Tieto Corporation Decisions of the Annual General Meeting on 19 March 2015
Tieto Corporation STOCK EXCHANGE RELEASE 20 March 2015, 8.30 am EET
Tieto Corporation's Annual General Meeting of Shareholders approved the financial statements for 2014, decided to distribute a dividend of EUR 1.30 per share (ordinary dividend of EUR 1.00 and additional dividend of EUR 0.30) and discharge the company's officers from liability for the financial year 2014. The dividend settlement date is 23 March 2015 and the dividend will be paid as from 9 April 2015.
In addition, the Annual General Meeting made the following decisions:
Board composition and remuneration
The meeting decided that the Board of Directors shall consist of eight members and re-elected the Board's current members Kurt Jofs, Eva Lindqvist, Sari Pajari, Markku Pohjola, Endre Rangnes, Teuvo Salminen and Jonas Synnergren. Lars Wollung was elected as a new member. Markku Pohjola was re-elected as the Chairman of the Board of Directors.
In addition to the above, the company's personnel appoints two members, each with a personal deputy, to the Board of Directors. The term of office for the personnel representatives is two years. Esa Koskinen (deputy Ilpo Waljus) and Anders Palklint (deputy Robert Spinelli) have been appointed to the Board until the Annual General Meeting 2016.
At its constitutive meeting after the AGM, the Board of Directors elected Kurt Jofs as its Deputy Chairman. The Board also appointed a Remuneration Committee comprising of Markku Pohjola (Chairman), Kurt Jofs, Sari Pajari and Endre Rangnes, and an Audit and Risk Committee comprising of Teuvo Salminen (Chairman), Eva Lindqvist, Jonas Synnergren and Lars Wollung. All Board members are independent of both the company and the company's significant shareholders, except for Jonas Synnergren who is independent of the company and non-independent of a significant shareholder.
The meeting approved that the fixed annual remuneration of the Board of Directors and be as follows: EUR 83 000 to the Chairman, EUR 52 500 to the Deputy Chairman and EUR 34 500 to the ordinary members of the Board of Directors. The same fee as to the Board Deputy Chairman will be paid to the Chairman of a Board Committee unless the same individual is also the Chairman or Deputy Chairman of the Board. In addition, a remuneration of EUR 800 is paid for each Board meeting and for each permanent or temporary committee meeting. It is the company's practice not to pay fees to Board members who are also employees of the Tieto Group.

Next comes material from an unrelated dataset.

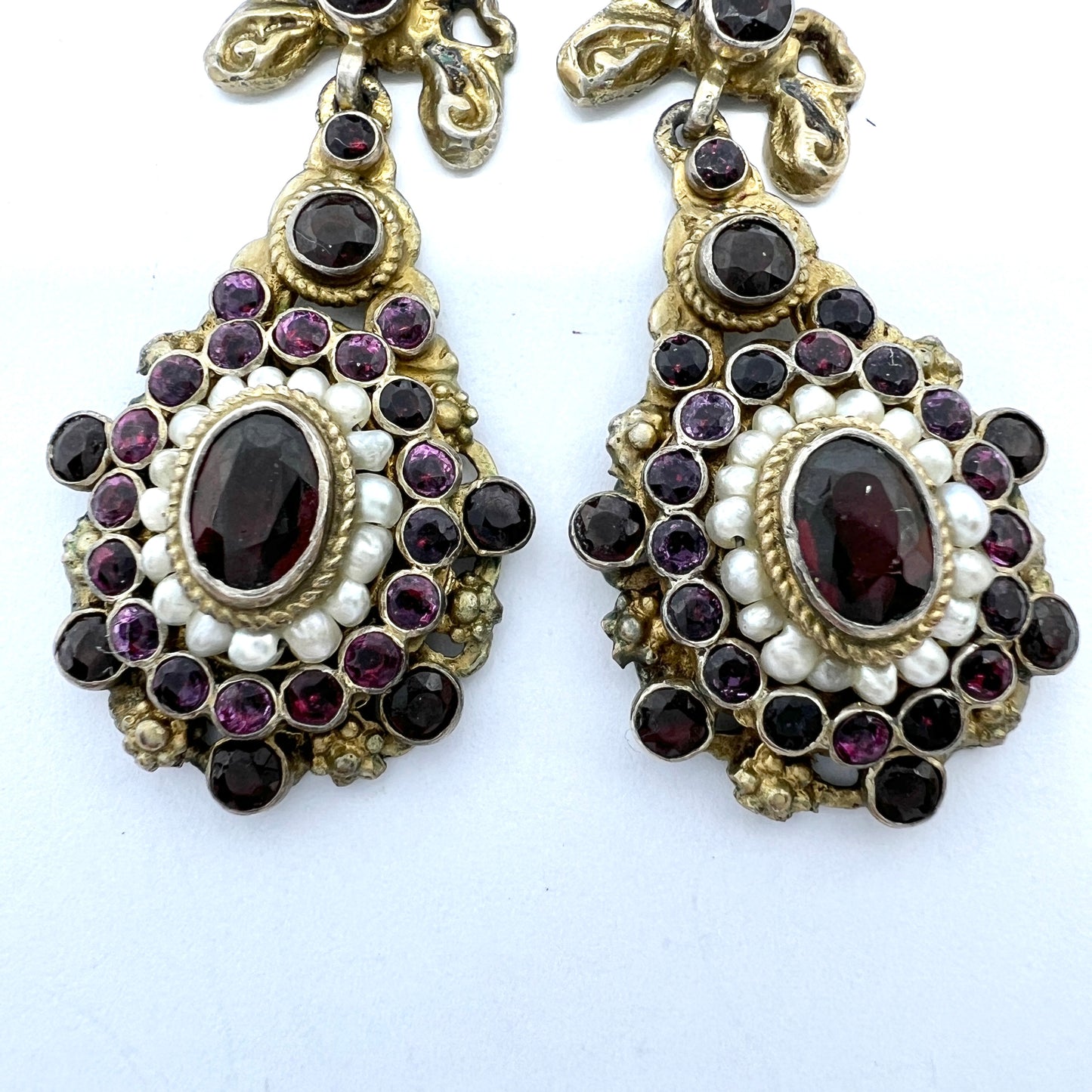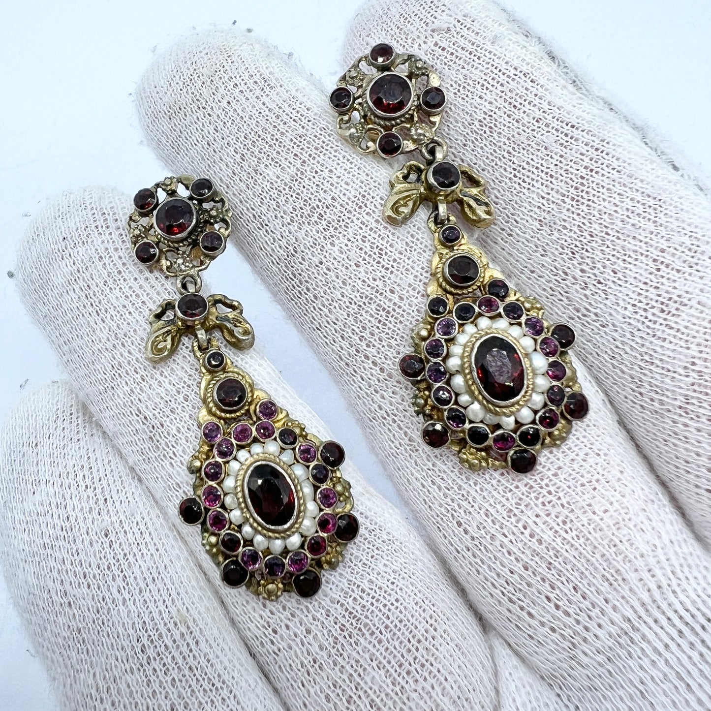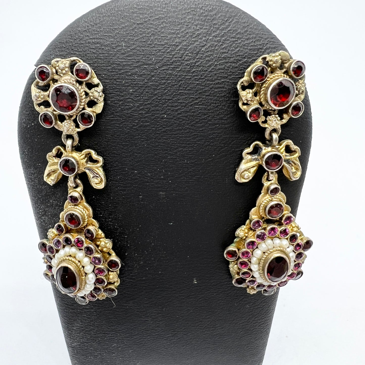 Hungary early 1900s. Gilt Silver Bohemian Garnet Seed Pearl Paste Earrings.

The meeting approved that 40% of the fixed annual remuneration be paid in Tieto Corporation’s shares purchased from the market. The shares will be purchased within two weeks from the release of the interim report 1 January–31 March 2015 of Tieto Corporation. The Annual General Meeting resolved to acquire the shares directly on behalf of the members of the Board which is an approved manner to acquire the company’s shares in accordance with the applicable insider rules.
The meeting re-elected the firm of authorized public accountants PricewaterhouseCoopers Oy as the company's auditor for the financial year 2015. The auditor shall be reimbursed according to the invoice and in compliance with the purchase principles approved by the Audit and Risk Committee.
Authorizing the Board of Directors to decide on the repurchase of the company's own shares
The Board of Directors was authorized to decide on the repurchase of the company's own shares as follows:
The amount of own shares to be repurchased shall not exceed 7 200 000 shares, which currently corresponds to approximately 10% of all the shares in the company. Only the unrestricted equity of the company can be used to repurchase own shares.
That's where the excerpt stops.